What is needed is an exact copy of the lines in the entries below from the one holding "- ❅ 50L LARGE" through the one holding "Quarto (207 x", pictures excluded.
[DATA EXTRACT]
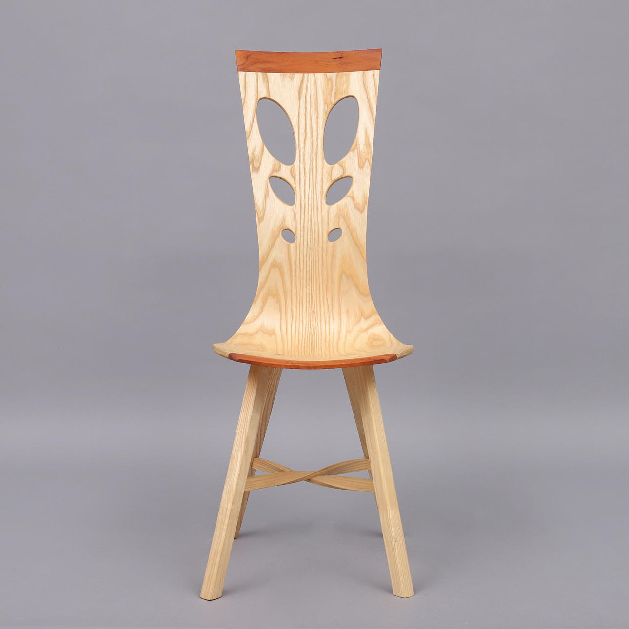 Chair in solid oiled ash, the seat with cross pieces in yew. On coupled leg position with openwork back. Designed and made by the furniture carpenter Calle Warfvinge. Supplied handwritten card with information from the carpenter. Signed and numbered 111.
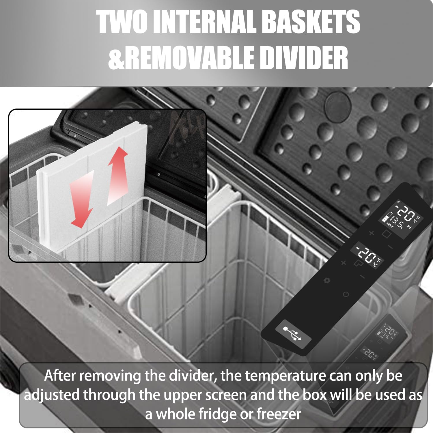 - ❅ 50L LARGE CAPACITY, PARTITIONED STORAGE. It can be a fridge or freezer for storing many types of food and items. And the freezer room incorporates a grid of storage baskets to easily get food without stickiness.
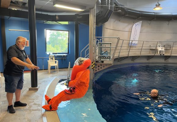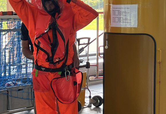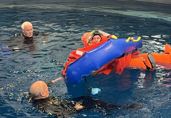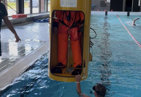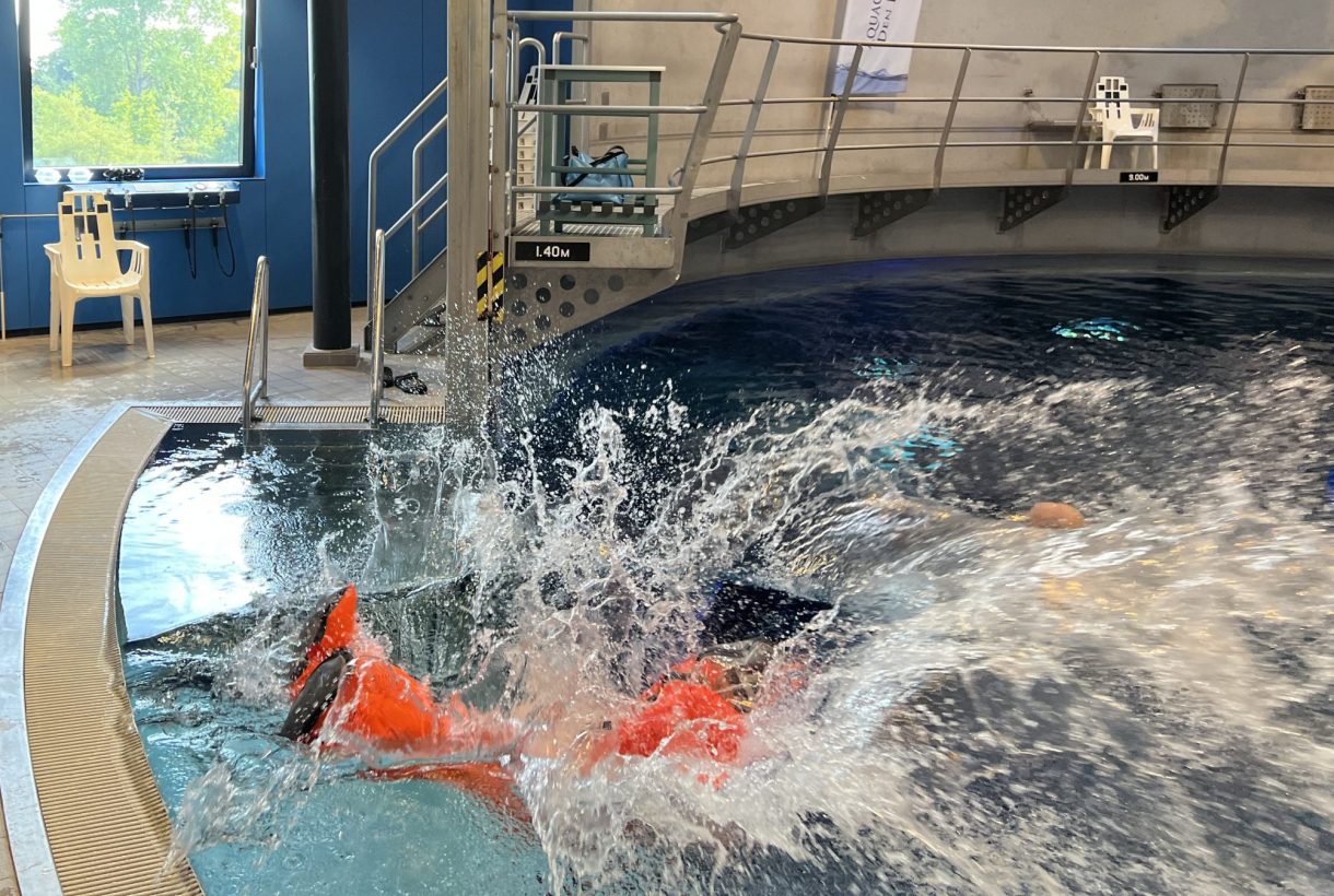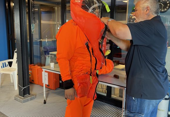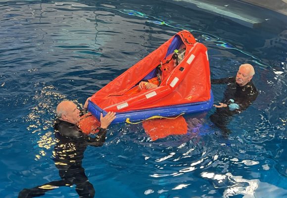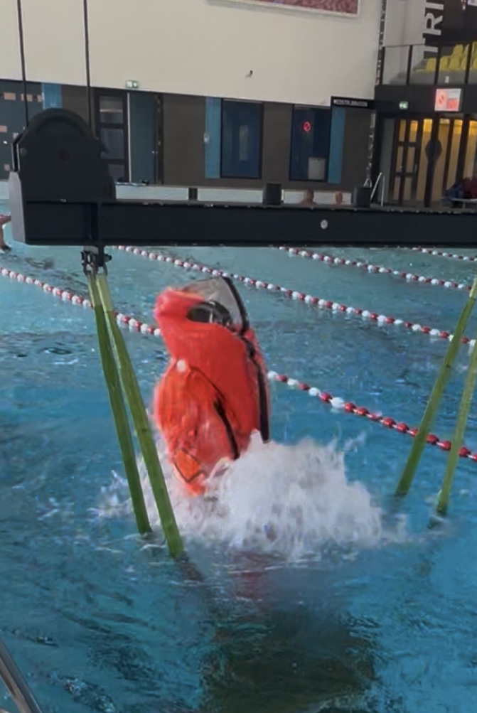 Daarna volgde een sessie in de Single Man Life Raft. Hier leerden de deelnemers hoe zij in een overlevingspak snel en effectief kunnen handelen in noodsituaties op zee. Dit oefenmoment leverde direct bruikbare ervaring op.
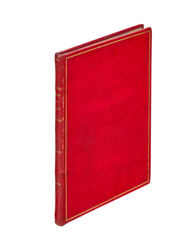 Quarto (207 x 145mm). 36 leaves. Six woodcuts, comprising five large views and one coat-of-arms, Lombard initials, a few initial spaces (narrow stain to top paper edge of first and last several leaves including title, a very tiny worm-hole in outside margin.) 19th-century red morocco-grained sheep, covers gilt ruled, spine gilt (minor repair to joints). Provenance: about four pages in the first section with contemporary marginalia and a little underscoring in neat red ink – Henry A. Huth, 1815-1878 (morocco bookplate, his catalogue, 1880, p.1521; his sale, Sotheby, Wilkinson & Hodge, part 8, July 1919, lot 7707) – J.C. McCoy, 1862-1934 (morocco bookplate) – Juan Gyselynck (engraved pictorial bookplate) – Florencio Gavito, viscount of Alborada and Villarubio, 1882-1960 (armorial bookplate).
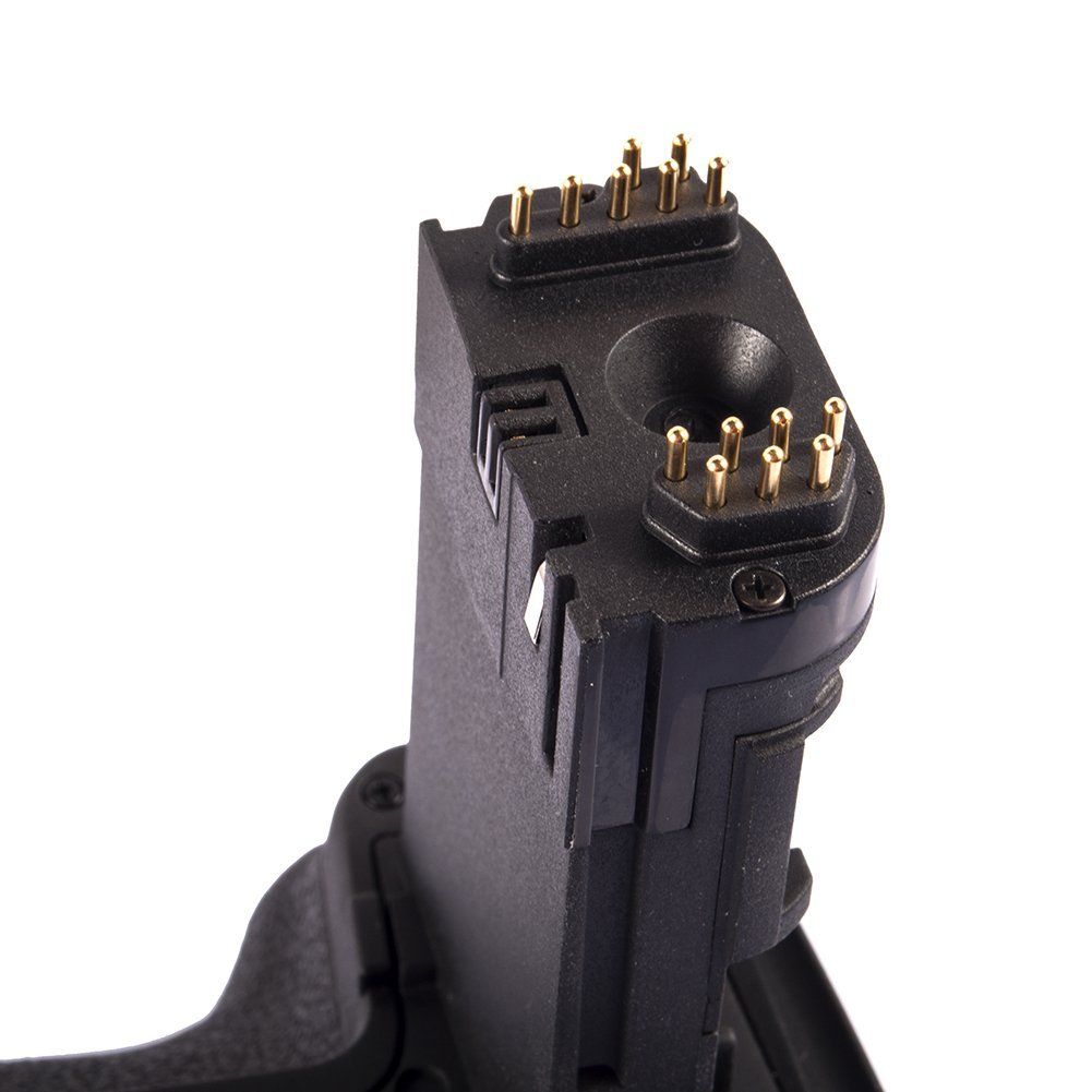 - Корпус батарейного блоку виконаний із міцних композитних матеріалів із прогумованими вставками, ідентичними за текстурою корпусу камери. Встановлений блок виглядає як єдине ціле із фотоапаратом, не порушуючи естетики пристрою.
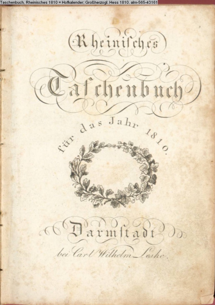 Taschenbuch, Rheinisches 1810; s. a. Hofkalender, Großherzoglich Hessischer 1810, Nr. 43161
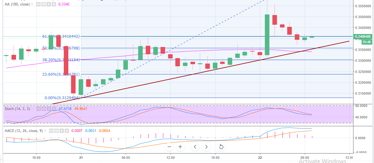 The upward roll continued past the resistance at $0.330. The decent recovery, however, came to a halt at the 50% Fib retracement taken between the highs of $0.357 and the lows of $0.3113. Subtle lower corrections were supported at $0.330. The bulls not giving up pushed for more upside movement past the 50% Fibo resistance.
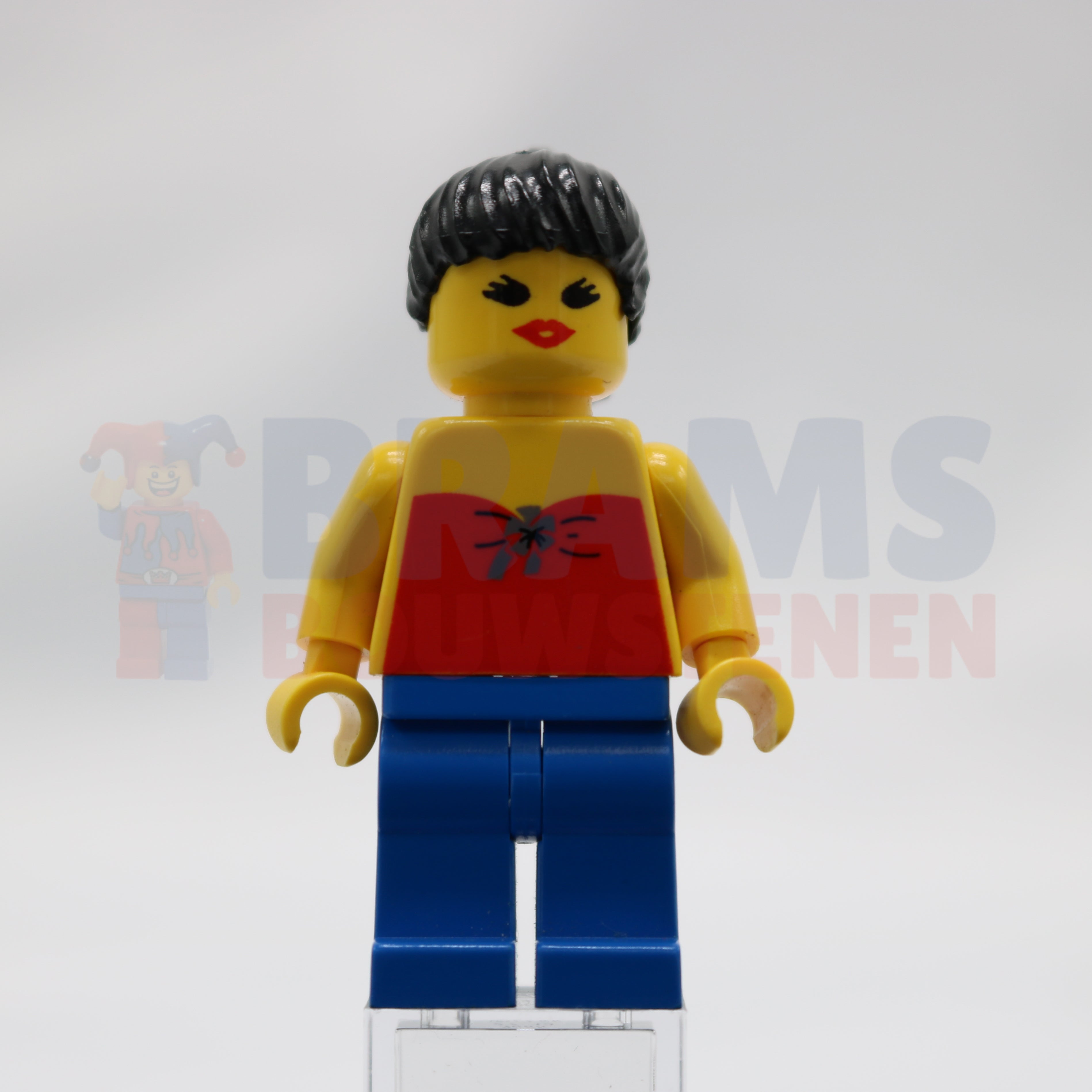Minifig par050 - Red Halter Top - Blue Legs, Black Ponytail Hair, Open Mouth -
[/DATA EXTRACT]
_TASK ANSWER_
 - ❅ 50L LARGE CAPACITY, PARTITIONED STORAGE. It can be a fridge or freezer for storing many types of food and items. And the freezer room incorporates a grid of storage baskets to easily get food without stickiness.
 Daarna volgde een sessie in de Single Man Life Raft. Hier leerden de deelnemers hoe zij in een overlevingspak snel en effectief kunnen handelen in noodsituaties op zee. Dit oefenmoment leverde direct bruikbare ervaring op.
 Quarto (207 x 145mm). 36 leaves. Six woodcuts, comprising five large views and one coat-of-arms, Lombard initials, a few initial spaces (narrow stain to top paper edge of first and last several leaves including title, a very tiny worm-hole in outside margin.) 19th-century red morocco-grained sheep, covers gilt ruled, spine gilt (minor repair to joints). Provenance: about four pages in the first section with contemporary marginalia and a little underscoring in neat red ink – Henry A. Huth, 1815-1878 (morocco bookplate, his catalogue, 1880, p.1521; his sale, Sotheby, Wilkinson & Hodge, part 8, July 1919, lot 7707) – J.C. McCoy, 1862-1934 (morocco bookplate) – Juan Gyselynck (engraved pictorial bookplate) – Florencio Gavito, viscount of Alborada and Villarubio, 1882-1960 (armorial bookplate).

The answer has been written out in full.